病院に来た子供(大阪市) | コワイハナシ47

病院に来た子供(大阪市)

知人の親族が脳膜炎で大阪市内のH病院に入院した時の話である。

彼が病院に担ぎ込まれた時、夜中にひとりの子供が現れた。

おかっぱ頭の着物を着た可愛い女の子で、手に鞠を持っている。いや、彼ははっきりそれを見たわけではないだろう。彼は頭を上げることができなかったはずだから。

しかし、彼は確かに見たという。その子供がベッドの脇にすくっと立ち、こちらをじっと見ていたのだと。

「もう遅いから、お帰り。もうお帰り」

本人がそう喋ったのかどうか、とにかく子供にそう言うと、しばらくして隣の患者のベッドの脇に寄って、隣の患者をじっと一晩見ていたという。

朝になって、隣のベッドの患者が亡くなった。

そして次の晩にもその子供は現れた。

今度はトーン、トーン、トーンと鞠をつく音がする。

「あ、あの子が来たら今度は俺が死ぬ」

そう思った時、その子の顔が自分の顔を覗き込むように、目の前にぬっと現れたのである。

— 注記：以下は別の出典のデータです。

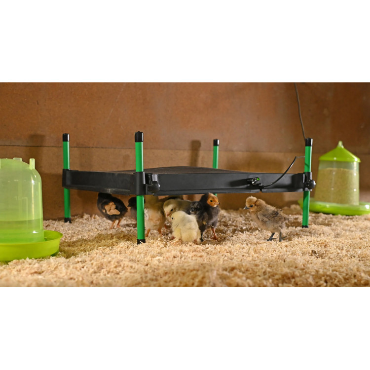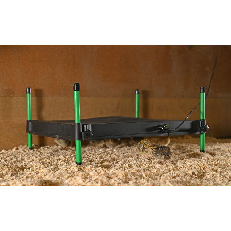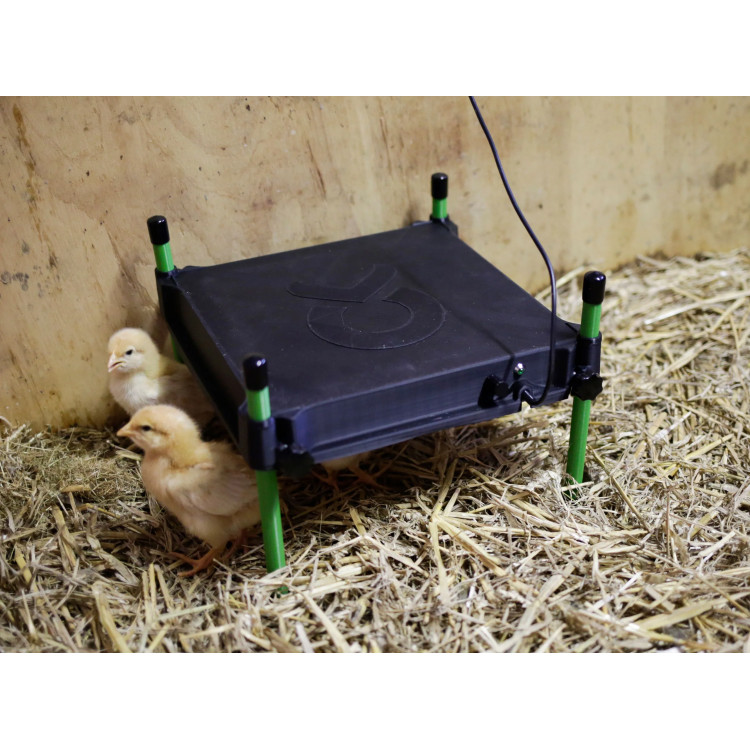Stabilní zdroj tepla pro první týdny života kuřat: deska udržuje teplotu v místě hnízda, snáze kontrolujete podmínky a snižujete riziko podchlazení.

おかっぱ頭、顔の造作ひとつひとつは覚えていないが、目鼻だちの整った無表情な、しかし可愛い女の子であったという。

「あっち行け、あっち行け、あっち行け、向こう行け、来るな、来るな、来るな」

声にならない声で、必死に子供に向かって言いつづける。

朝になって、ふっと子供がいなくなった。

枕元が騒がしい。持ち直した、電話や……などと言っているのが聞こえる。

視界がはっきりしてきて、親戚縁者の顔が見える。

その時、彼は危篤状態を脱したのだ。

「ああ、腹が減った」

と彼はさっそく食べ物をねだったのである。